Apple uses deliberately unusual hardware, and they control it with an iron fist. Only apple is allowed to make iPhones, and the 3rd party accessory market is as restricted as Apple can make it.

Programmers can (and do) make applications for the iPhone of course, but Apple maintains near complete control over how those applications use the hardware and interact with the OS. Developers are allowed to play in the sandbox only if they use the specific tools that apple permits. Apple and a few select partners make the majority of the useful iPhone apps. Most developers that make apps to competes with Apple's own are denied access to the app store; which is the only way users can obtain apps for the iPhone. Apple will even deny an app if they just don't like what it does.

Apple is territorial about who sells their precious. The iPhone is (currently) only distributed through one network in the U.S., and apple exerts enormous control over how that network does business. AT&T had to wait to roll out 3G services until there was an iPhone that also supported it. There were other mobile phones sold by AT&T that had  3G support as much as a full year before, and AT&T had deployed the network hardware long before Apple's 3G iPhone came out.

Because Apple is in such tight control, the iPhone is a very stable and reliable smartphone. Most of the software is also of high quality, which makes the iPhone a joy to use.

On the other side, you have Google. They aren't really a hardware company though. They make a good mobile operating system, but have left most of the hardware in the hands of companies that specialized in that sort of thing.

There is a lot of compromise and cooperation between Google and the many hardware makers. They have created large market with a wide range of different Android phones with different capabilities, quality, and price. Google just does what it can to make sure the Android OS works reasonably well with whatever crazy-ass hardware the other guys come up with.

Google makes a good mobile OS, but what they do really well is provide cloud services --services developers can use to make useful mobile software for the regular folks. Google makes it easy to build applications for Android, and supply much of the cloud services free of charge. They stay out of the way as much as possible, but give developers a way to distribute software through a centralized app store, with very few restrictions. Apps can also be obtained through independent channels too. Google doesn't put up a fight when developers release software to compete with Google's own products, and they don't stop developers from extending the Android OS in new and unusual directions.

Google was later than Apple with a smartphone. Android isn't quite as pretty compared to the iPhone; though it is rapidly getting there. Android phones are cheaper, available for nearly any network, and come in a wide variety of forms to fit different people's needs and budgets. And the important thing is that an Android Phone can do anything that an iPhone can; sometimes even with the same elegance as the iPhone. People often prefer the iPhone, but they can (and do) settle for Android phones instead.

In the end, what will kill Apple the second time around is Apple's own paranoia. All by itself, Apple cannot evolve the iPhone fast enough to keep up a young and rapidly changing mobile computing market. Their treatment of developers is pushing them to other platforms fast.

All Google has to do is try and keep up while other hardware and software companies race forward with new ideas.

This same exact pattern of behavior is repeated with the new iPad.

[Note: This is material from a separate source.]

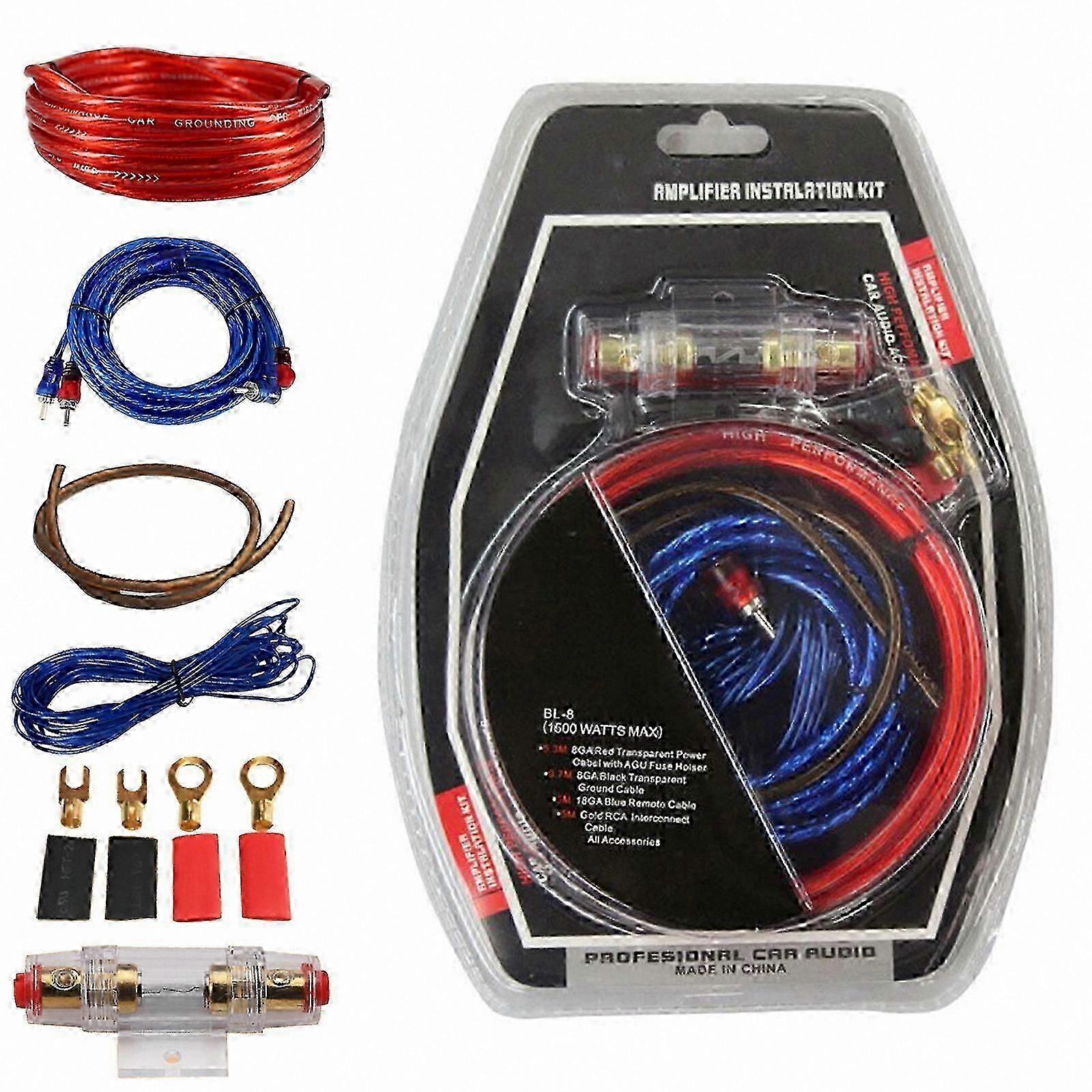 8 Gauge Subwoofer Wiring Kit for Car Audio Systems with RCA Cables and Amplifier Installation Components

The situations are so similar it is almost insane that Apple can't see their own doom coming.

There are some major differences between now and 20 years ago, but none of them bode well for Apple.

Google is in a much more competitive position than Microsoft was 20 years ago, and Android is a much better product to pit against the iPhone than Windows was against the Mac.

Perhaps the biggest difference between now and then though is that Apple wasn't crapping all over their software developers back then. Apple did limit developers in some ways, but never in the arrogant and insulting way they do now... and especially not through any legal or contract trickery like the iPhone developer agreement.

Apple is also much more blatantly motivated by pure monetary greed. Twenty years ago, it felt like the Mac more about a vision of excellence, making a better tomorrow, being different, and enabling new and wonderful possibilities. The iPhone today though is clearly just a cash cow. Apple's every legal and marketing move is so transparently profit motivated that it doesn't even fool kindergarteners.

There is no greater vision behind the iPhone like there was the Mac; behind the iPhone it's just dollar signs, abused developers, and shackled customers.

Sunday, April 25, 2010

Peter Watts - about birthdays....

I'm one of those people that just has a knack for seeing the world a bit 'differently" than most people. What some people see as absolutely normal social behavior, I often see as utterly absurd.

This is not usually an advantage, if you were wondering.

But I've got nothing on Peter Watts, the now famous Sci-Fi author, border-guard crushing bad-ass, and sadly... convicted felon. His writing is filled with this kind of totally brain breaking logic.

Like birthdays...

Below is an excerpt from his excellent novel "Blindsight" that exemplifies exactly the kind of thinking that breaks most people's brains. The novel is available online for free under a Creative Commons license (CC), or you can buy it in paper or audio if you prefer.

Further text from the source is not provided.